27 February 2007


Noah Shachtman caught this story from Flight Global over at Wired’s Danger Room blog:

German-headquartered SIM Security and Electronic System says it has sold an undisclosed number of its Sky-Eye quadrotor UAVs into China for use by a civilian police organisation. Total sales of the existing system, including the Chinese orders, have exceeded 30 units according to Yves Degroote, Brussels account manager for the firm.

Noah says:

Sales of drones are tightly controlled by the International Traffic in Arms Regulations, or ITAR. Companies usually have to get special clearance to market the things – even in friendly countries. I’m no ITAR expert, but I believe sales to countries like China are even more carefully monitored. About a year ago, officials at Yamaha in Japan were busted for shipping nine robo-copters to the Beijing regime.

Does anybody have any idea how you say “quadrotor UAV” in Chinese? Or would these just be called 天眼 after the brand name?

UPDATE: It’s China time in the Danger Room as Sharon Weinberger points to an English People’s Daily article on Chinese scientists success at controlling the flight of pigeons with brain implants. But they don’t have a picture, so I’ll help by adding the Chinese article.

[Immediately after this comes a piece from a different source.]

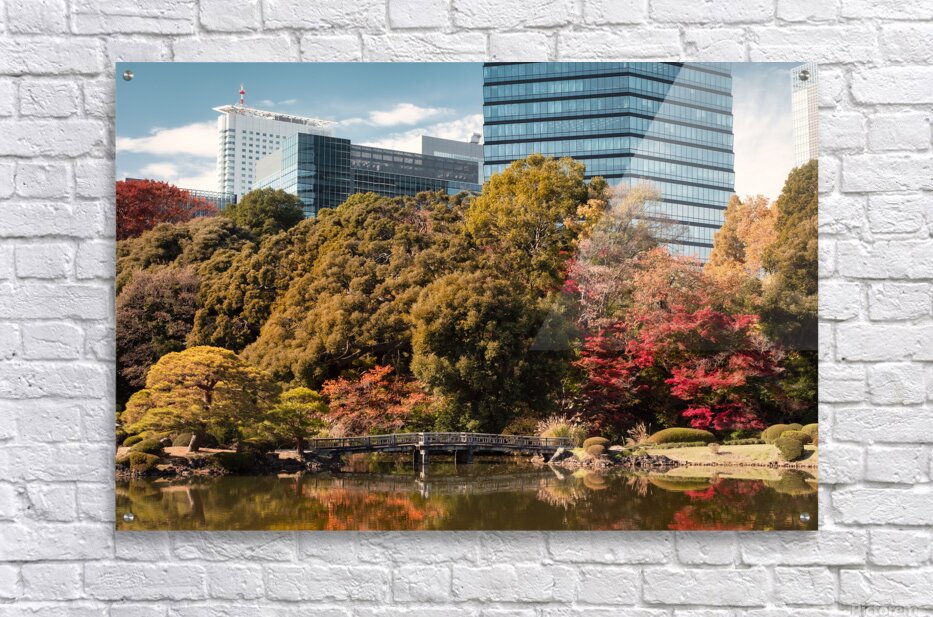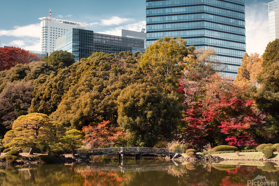 Autumn colour gathers quietly around the pond at Shinjuku Gyoen where layered trees shift from green to gold and deep red. Reflections settle on the water’s surface softening the scene and allowing the garden to breathe even as the city rises just beyond the frame. There is a sense of pause here a moment where nature holds its ground amid the surrounding geometry of Tokyo. Shinjuku Gyoen National Garden is one of Tokyo’s most celebrated green spaces blending traditional Japanese landscaping with open lawns and carefully designed vistas. Once part of an imperial estate the garden now offers a rare sense of openness in the heart of the city. In autumn its varied tree species bring a richness of colour that contrasts naturally with the modern skyline behind. A perfect photograph for spaces that suit calm reflective imagery with a subtle urban edge. This image is available as wall art and across a wide range of formats to suit your space or style.

Since China is rather short on pigeons (at least not in cages), obviously these are for overseas operations. The robocoptor won’t be noticed on the streets of Shanghai, but free flying pigeons would probably surprise the hell out of people. Check out the Shangdong Science and Technology University Robot Research Center website for things like the Electrical Powerline Repair Robotic Arms and other stuff that, so far, is nowhere near as cool or gross as a pigeon with a chip in its skull.